Combat stress with diet and exercise
We have all felt stress and strain at some point, but what about when it cripples your life? Around 12 million adults in the UK see a GP with mental health problems each year, many suffering from stress-related anxiety and depression. An estimated 45 million working days are lost every year through stress-related conditions, at a cost to the economy of over £3,000 million.
You might not think that stress and diet have anything to do with each other, but in actual fact they are inextricably linked. Our whole being, both physical and mental is impacted by diet and exercise. Sometimes it’s easy to see the effects of eating poorly – you may develop type 2 Diabetes if you eat too much sugar or perhaps you will get a diagnosis of high cholesterol after one too many greasy take aways, but other effects can be less obvious and more deadly.

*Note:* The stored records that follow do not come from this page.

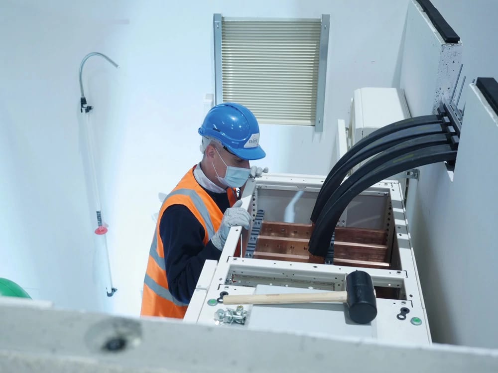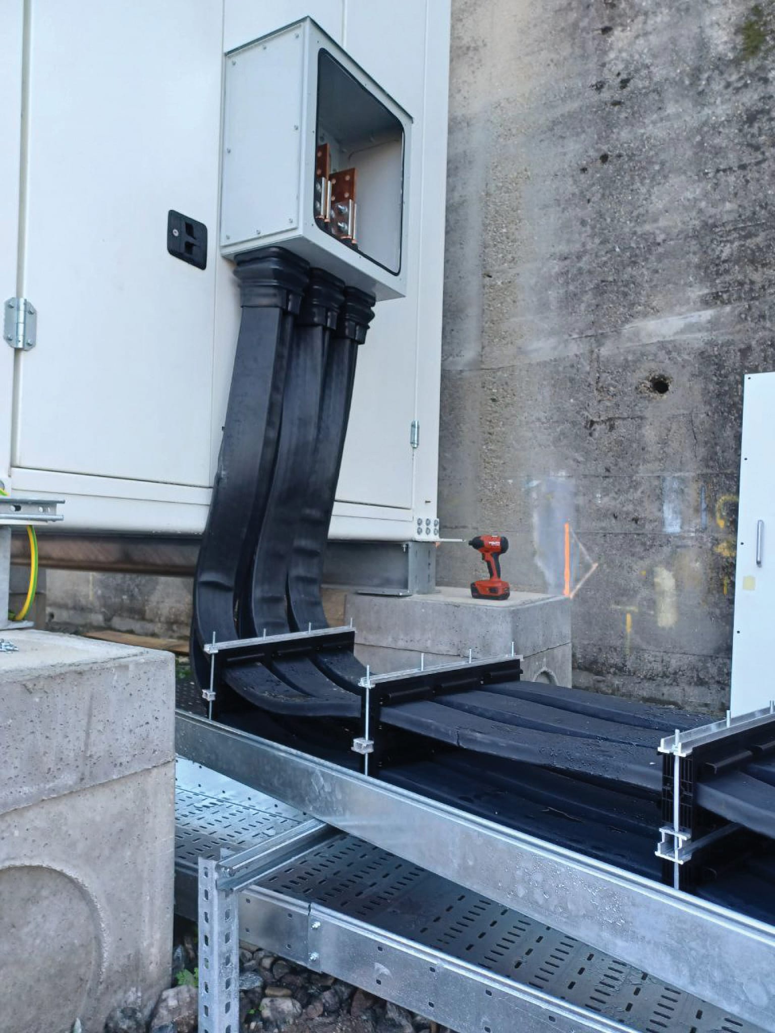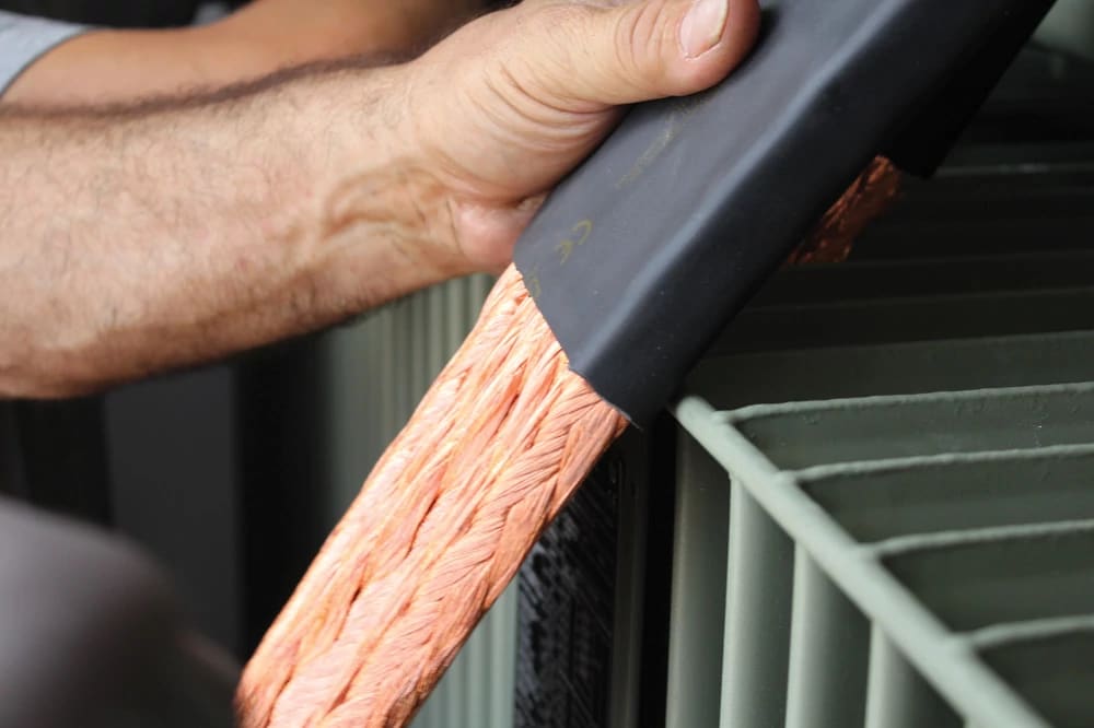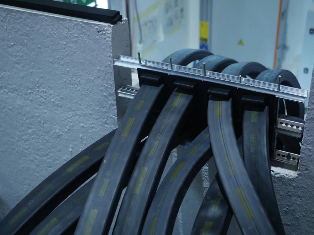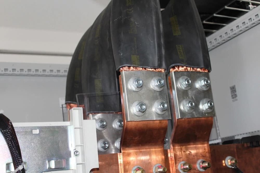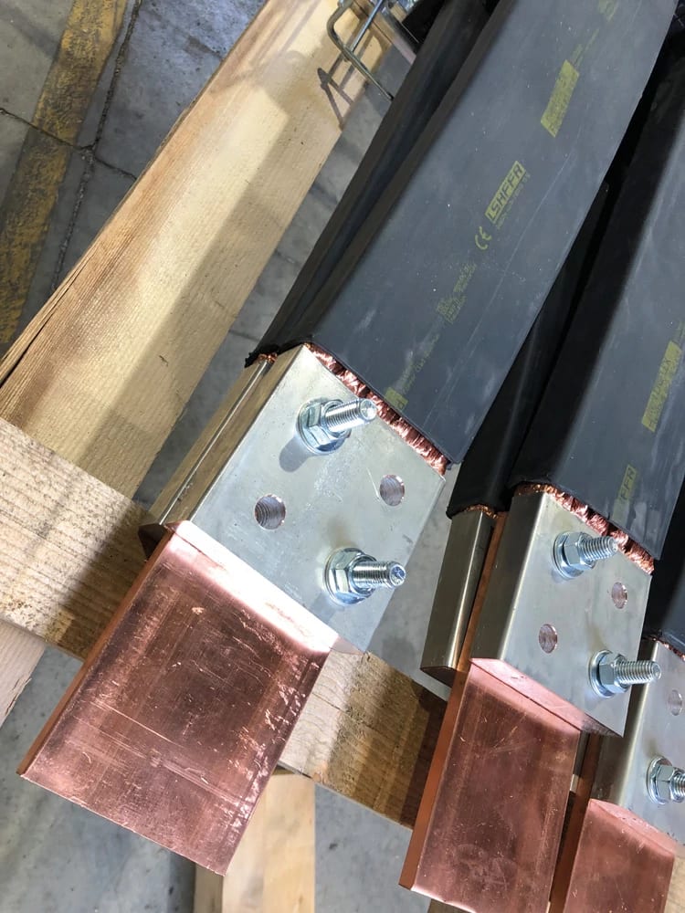 Il conduttore nVent ERIFLEX FleXbus è pronto all'uso da un lato per il collegamento diretto alla sbarra o al terminale dell'interruttore. 800 mm², 20,000 mm x 50 mm x 50 mm x 25 mm x 74.4kg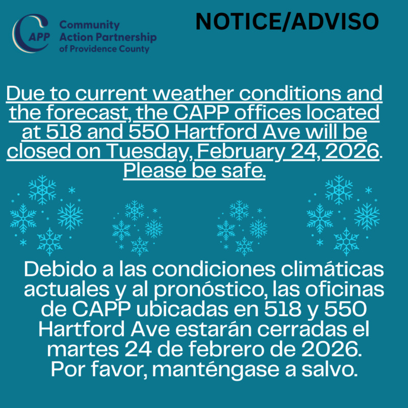 CAPP OFFICES CLOSED ON TUESDAY, FEBRUARY 26, 2026 DUE TO WEATHER.... STAY SAFE/LAS OFICINAS DE CAPP ESTARÁN CERRADAS EL MARTES 26 DE FEBRERO DE 2026 DEBIDO AL CLIMA... MANTÉNGASE SEGURO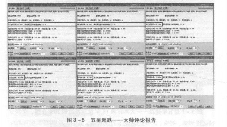 图3-8中把大帅的赢利目标统一为50%。止损50%的情况下成功率为82.28% ,止损40%的情况下成功率为82.28% ,止损30%的情况下成功率为82.28% ,止损20%的情况下成功率为81.86%,止损17.6%的情况下成功率为76.79% ,止损13.4%的情况下成功率为75.95%。
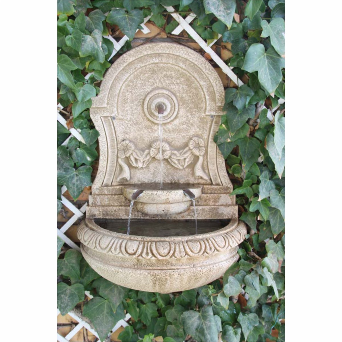 Fuente de pared fabricada en hormigón armado con acabado superficial natural.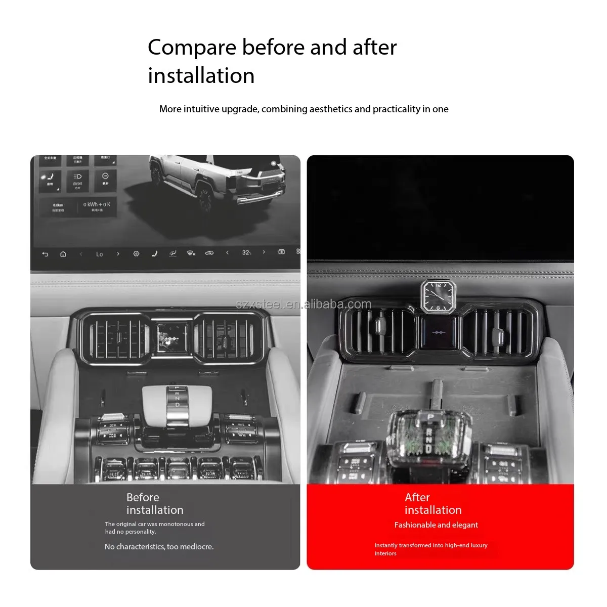 For Equabao 8 Central Control air Outlet Quartz Watch with Night Light Full Package ABS Interior High-end Modification for Car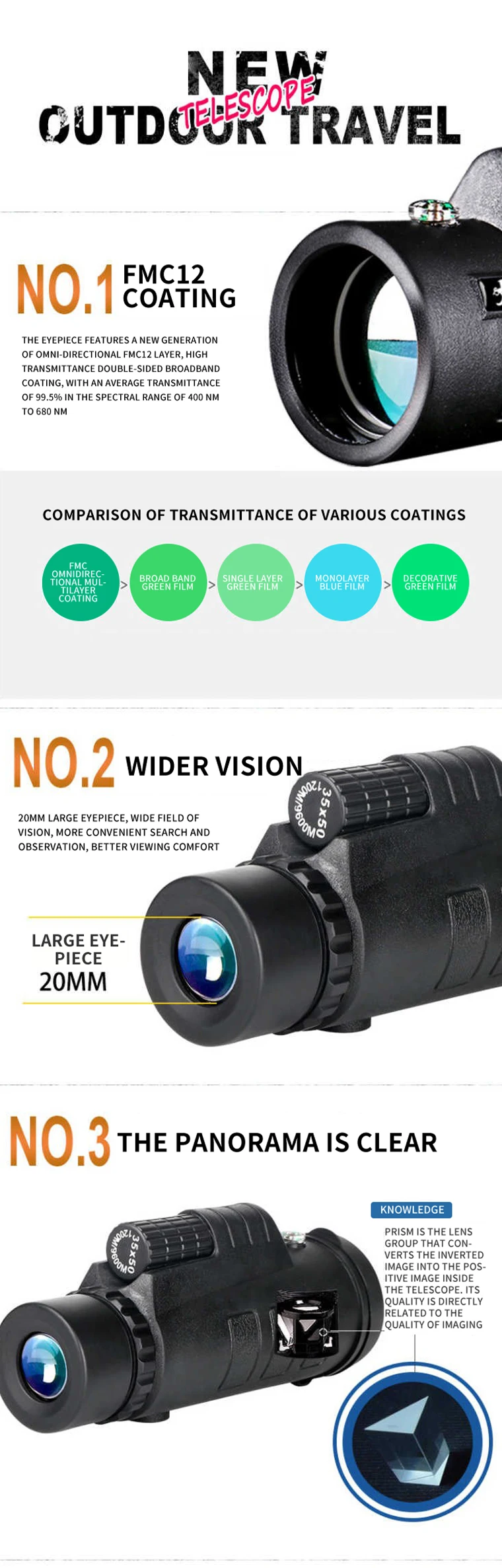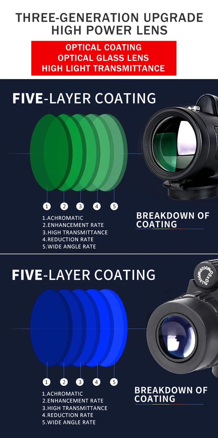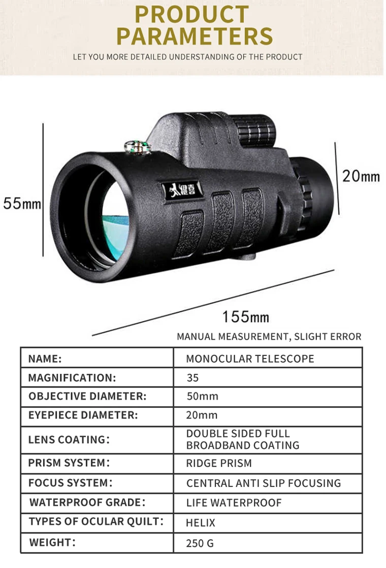 Ntific структура может сделать изображения, которые вы видите дальше, более стереоскопические и более четкие, и это не заставит ваши глаза слишком уставать. Его также можно использовать в плохую погоду. Вес-это очень светильник, и объем маленький и легко носить с собой. В дополнение к подходящей для использования на открытом воздухе, она также подходит для использования в городах. Мы предоставляем профессиональные ручные услуги для решения различных проблем. Если у вас есть другие продукты или индивидуальные потребности, вы можете связаться с нами напрямую.

Evidence suggests that eating a healthy diet can actually improve the symptoms of depression and stress. I guess none of us need to look too far to see the massive changes a healthy diet, some weight loss and regular exercise can sometimes make to someone who is feeling down or stressed.
The brain is a complex machine and like any machine if it isn’t treated properly it will not work properly. If we skip a meal, the brain appears to simply increase the drive in pathways leading to increased appetite and because a lack of food activates stress responses there is a lot of evidence to suggest the tight relationship between stress and obesity. On the other hand an absence of food brings about dramatic changes in the way our neurons communicate with each other as well, causing stress and perhaps even depression.
Of course depression and stress occur for many reasons - food and exercise aren’t going to be the primary cause or cure, but a healthy diet and exercising regularly will make you feel healthier and happier.
So what can you do to help boost your mood?
Exercise can reduce the amount of stress hormones released by the body and we should all aim to get at least 30 minutes per day.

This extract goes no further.